Configure authentication for security-enhanced remote access. Authentication types include PAP, CHAP, MS-CHAP, MS-CHAP v2, EAP-MD5, EAP-TLS, and Multi-factor authentication with smart cards and EAP.

Configure and troubleshoot virtual private network (VPN) protocols. Considerations include Internet service provider (ISP), client-computer operating system, Network Address Translation (NAT) devices, Routing and Remote Access server, and firewall server.

Free PassGuide Practice Engine Demo Download Pass4sure offers free demos for each certification exam, including all IT vendors.

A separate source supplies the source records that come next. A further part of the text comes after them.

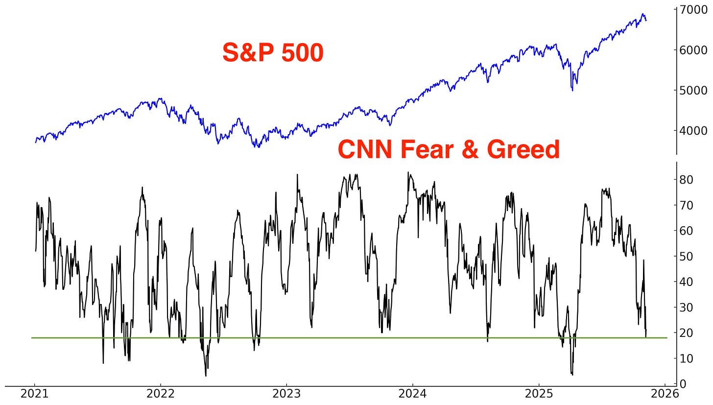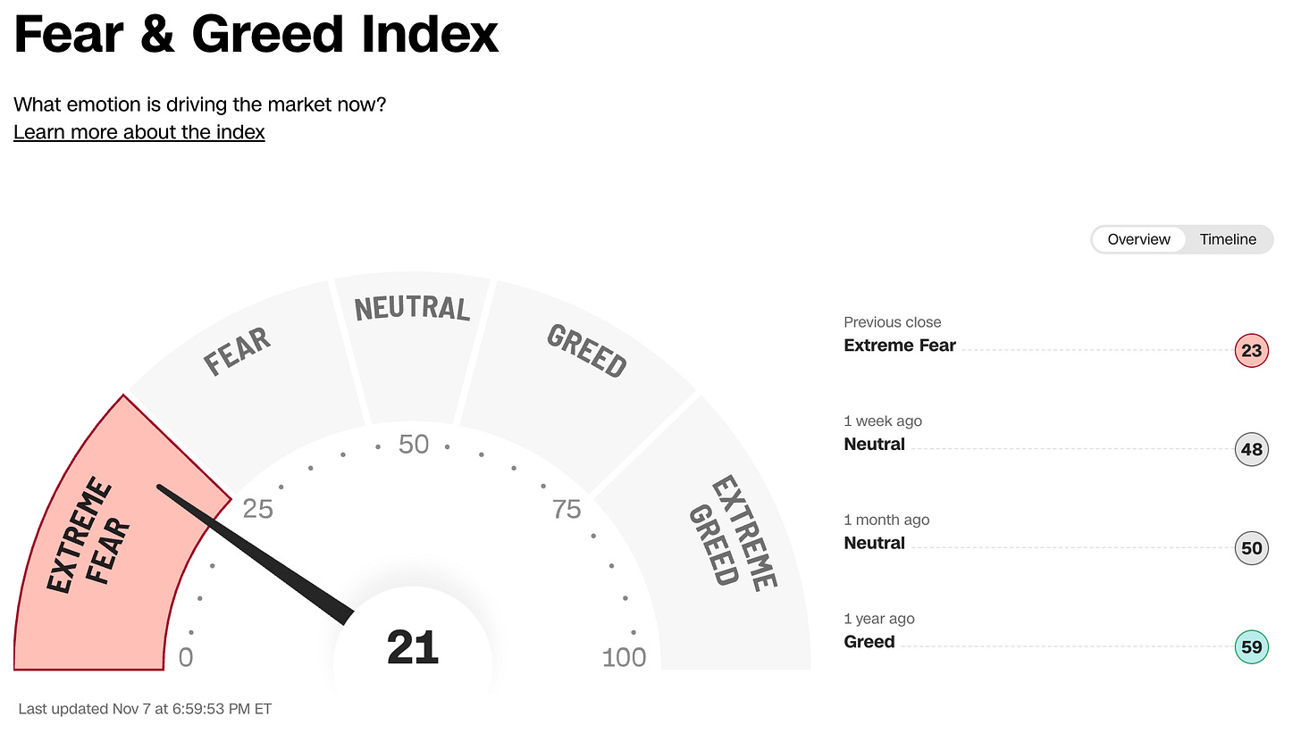The CNN Fear & Greed Index is in “extreme fear” territory. This indicator is widely circulated on Twitter/X:
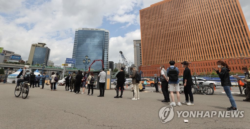 | ▲ Citizens wait in a line to receive COVID-19 tests at a makeshift clinic in central Seoul on May 25, 2021. (Yonhap) |
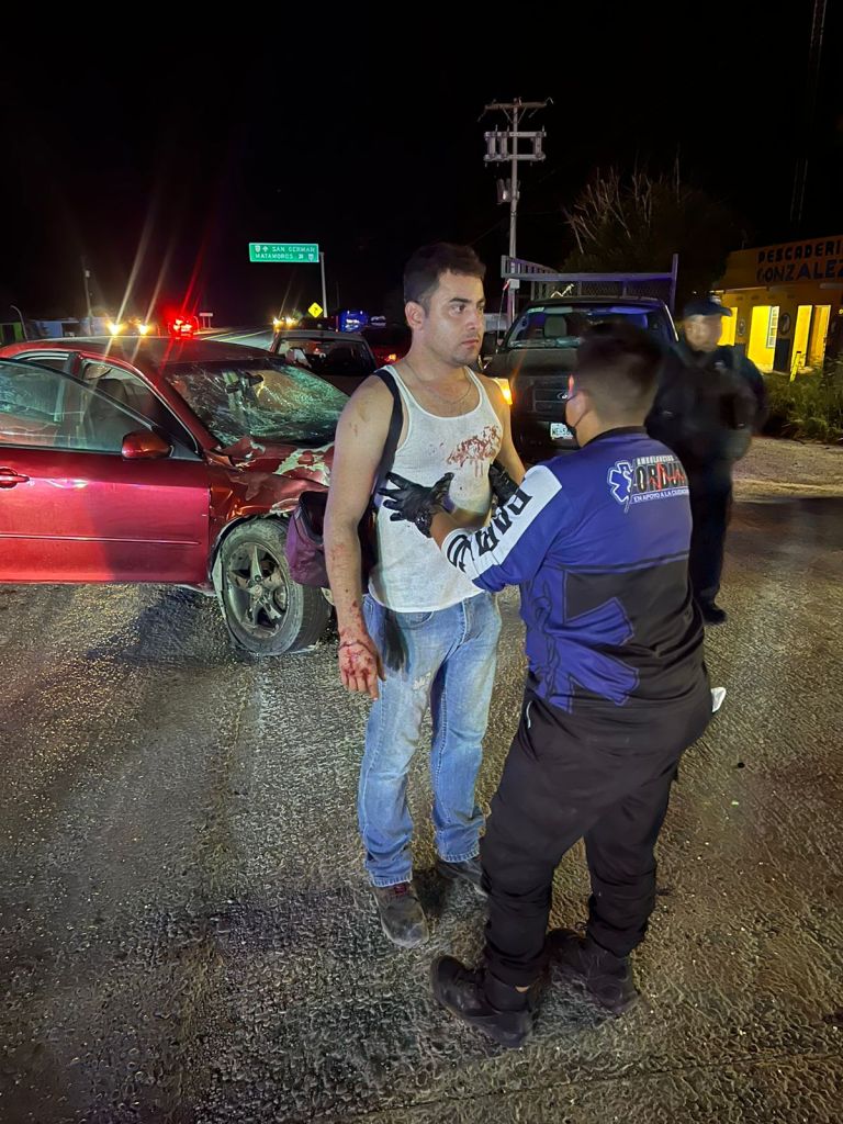 Un choque entre una combi y un carro mazda rojo se reportó a la altura del ejido San Germán en la carretera Matamoros-San Fernando.
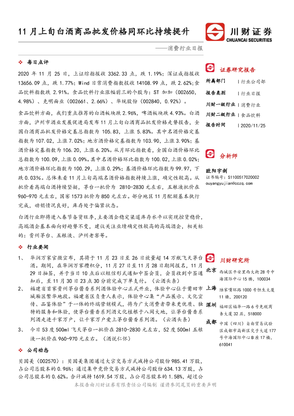 【川财证券】【20201125】消费行业日报:11月上旬白酒商品批发价格同环比持续提升-3页
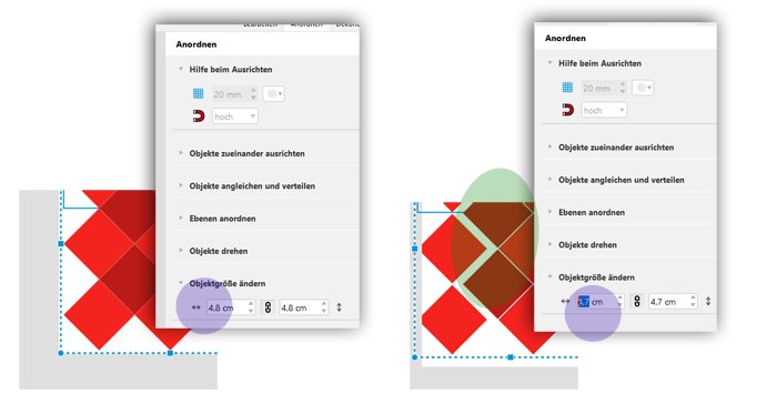 Ich habe eine flächige Gestaltung von Quadratem, die mit der Eckenoption auf Rhomben zugeschnitten sind. Am linken Rand liegen sie sehr knapp am Seitenrand. Der Magnet ist ausgeschaltet. In den Optionen habe ich für alles "keine Nachfrage" eingestellt. Ich markiere ein paar Vierecke und verkleinere sie (Anordnen -> Objektgröße) um 1 mm. (siehe lila Fläche) Alle Vierecke werden um 1 mm verkleinert, die nah beim Rand gelegenen springen zu weit nach links - scheinbar im Bemühen mich vor Blitzern zu bewahren (siehe grüne Fläche). Re: Formatänderung lässt Blitzer entstehen?spica hat geschrieben:
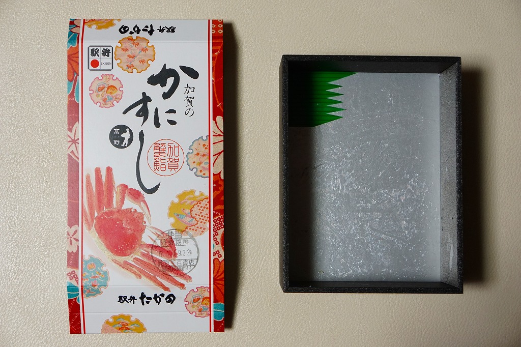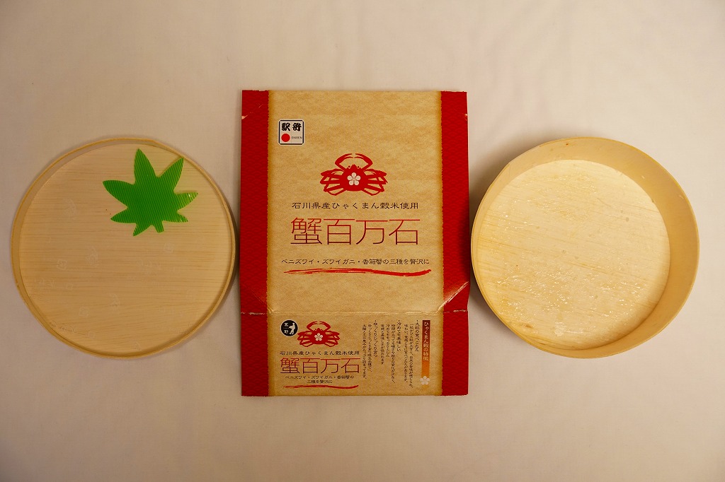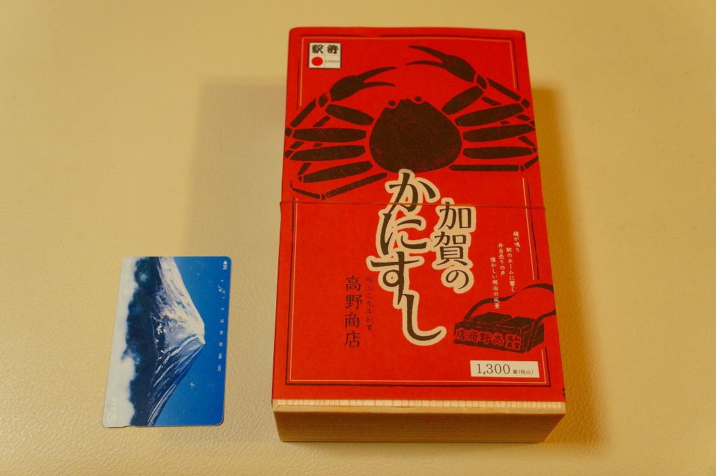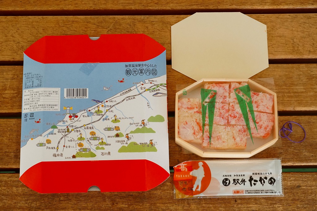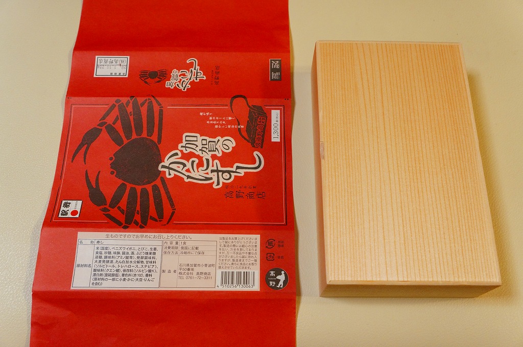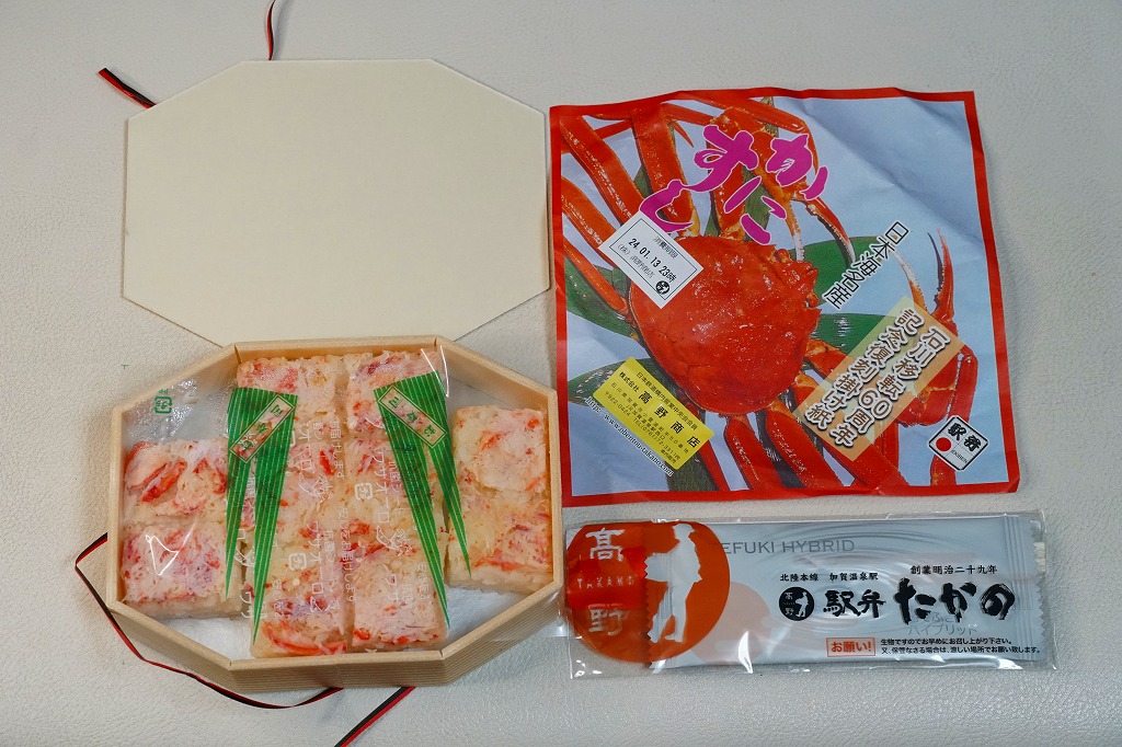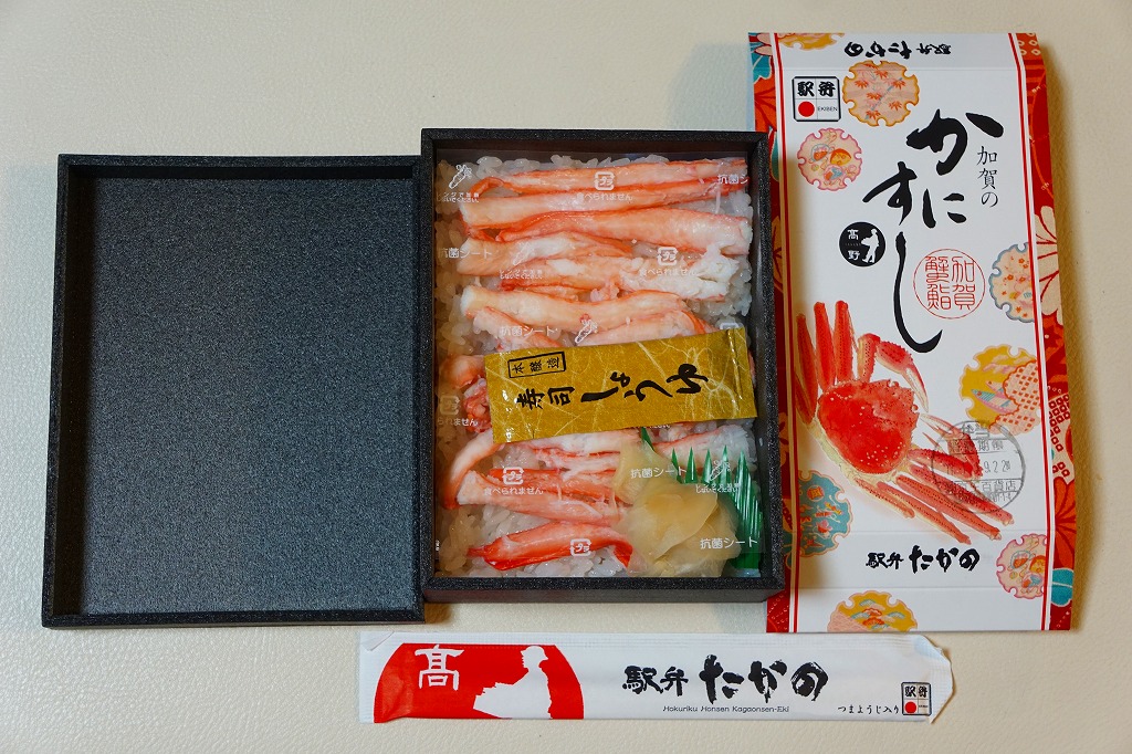1970(昭和45)年頃の発売、10月から6月までの販売。八角形の小箱を、真っ赤なカニを大きく描いた箱に収め、その裏面は「加賀温泉駅を中心とした観光案内図」となる。中身は酢飯にベニズワイガニのほぐし身を塗ったような押寿司が、ひとくちサイズの正方形で10個並ぶもの。この内容は加賀よりはむしろ、越前地方に独特のタイプ。価格は2003年時点で1,000円、2015年時点で1,080円、2019年時点で1,150円、2023年時点で1,350円。

You can check out the testing engine software, or pdf file question quality and usability of our practice exams before you decide to buy it. We are the only one site that offers demos for almost all IT certification exams.If you want to try p4s exam practice engine demo. http://demo.passguide.com/download

Manage client-computer configuration for remote access security. Tools include remote access policy and Connection Manager Administration Kit.

Implementing and Managing a Public Key Infrastructure (PKI) and Encrypting File System (EFS)
Install and configure Certificate Authority (CA) hierarchies. Considerations include enterprise, standalone, and third-party.

• Install and configure the root, intermediate, and issuing CA. Considerations include renewals and hierarchy.

• Configure certificate templates. Considerations include LDAP queries, HTTP queries, and third-party CAs.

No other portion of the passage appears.